Discussion on a pile of pancakes in the beauty of Programming

Discussion on a pile of pancakes in the beauty of Programming

This type of problem I first encountered was a problem where the chef had to arrange the dishes on a shelf from big to small, and I had to flip the dishes as I did in this article, at that time, I gave the following answer:

Int findmaxidx (int * pdishes, int nbegin, int nend)
{
Int I, maxidx = nbegin;
For (I = nbegin + 1; I <= nend; I ++)
{
If (pdishes [I]> pdishes [maxidx])
{
Maxidx = I;
}
}
Return maxidx;
}

Void revert (int * pdishes, int nbegin, int nend)
{
Int I, j, TMP;
Assert (nend> nbegin );
For (I = nbegin, j = nend; I <j; I ++, j --)
{
TMP = pdishes [I];
Pdishes [I] = m_cakearray [J];
Pdishes [J] = TMP;
}
}

Int prefixsort (int * pdishes, int fjcount)
{
Int I, curmax;
Int swapcount = 0;
For (I = fjcount-1; I> 0; I --)
{
Curmax = findmaxidx (pdishes, 0, I );
If (curmax = 0)
{
Revert (pdishes, 0, I );
Swapcount ++;
}
Else if (curmax! = I)
{
Revert (pdishes, 0, curmax );
Revert (pdishes, 0, I );
Swapcount + = 2;
}
Else
{
;
}
}

Return swapcount;
}

The prefixsort () function sorts the array and returns the number of flipped ings. The idea of this Code is to first locate the position of the largest tray before the position, then, use one or two flip operations to change the largest plate to this position, move the plate one or two times, and repeat the above process. For a relatively long period of time, I thought this was the optimal solution, because it conforms to the limit of less than 2 * (fjcount-1), and can avoid flip for partial ordered dishes, what if my classmates tell me that the direction of partial ordered dishes is reversed?
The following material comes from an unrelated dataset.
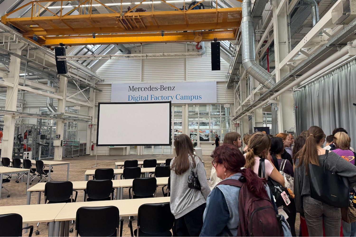 Den Abschluss bildete ein Besuch bei der Mercedes-Benz. Die Schülerinnen und Schüler erfuhren, welche Berufe hinter der Automobilproduktion stecken und wie stark Innovation und Tradition hier zusammenspielen. Auch hier standen Auszubildende Rede und Antwort – ein direkter Draht, der viele offene Fragen klären konnte und Inspiration für mögliche Praktika oder Ausbildungswege bot.

That is to say, how can we take advantage of the fact that there are already several dishes in order of size, but the order is the opposite of the order? Is there a way to reduce the number of flipped ings in partial order but reverse order? Later, I didn't think of a good method, so I had to solve this problem by using the exhaustive method. The introduction to algorithms calls this method of exhaustion + conditional judgment as the branch boundary method. Later I saw a doctoral thesis, saying that dynamic planning can be used to solve this optimization problem. I found the description of dynamic planning from introduction to algorithms, using Dynamic Programming to solve the problem requires the problem domain to have the optimal subproblem. Using the optimal subproblem's local optimal solution heap the optimal solution of the entire problem domain, however, the method for decomposing the optimal subproblem has not been found, let's stop. When I read this book in the bookstore, I was very much looking forward to seeing that I could use the dynamic planning method. But I was very disappointed to go home and see that the final solution still adopted the method of trying to solve all the problems, I don't know who can give pointers on how to use dynamic planning to solve this problem.
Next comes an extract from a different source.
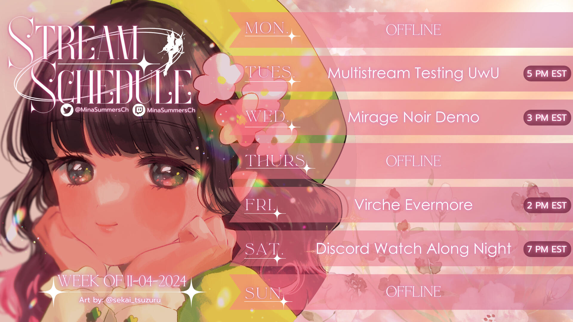 |11/04 - 11/10|‣ Multistream Test -- Nov 5th (Twitch + YouTube)

As mentioned above, the number of errors in this book is remarkable, especially for the code in this example. m_arrswap and M_n can be understood as printed errors, but Init () in the function, I refreshed four new memories and never saw any space for releasing them. I couldn't figure out what happened. Isn't it Java's habit to write this code? Although the official team provided an error description and added an destructor to release the memory, it can be seen that the author is not confused, should these four pointers be initialized to null in the constructor at least?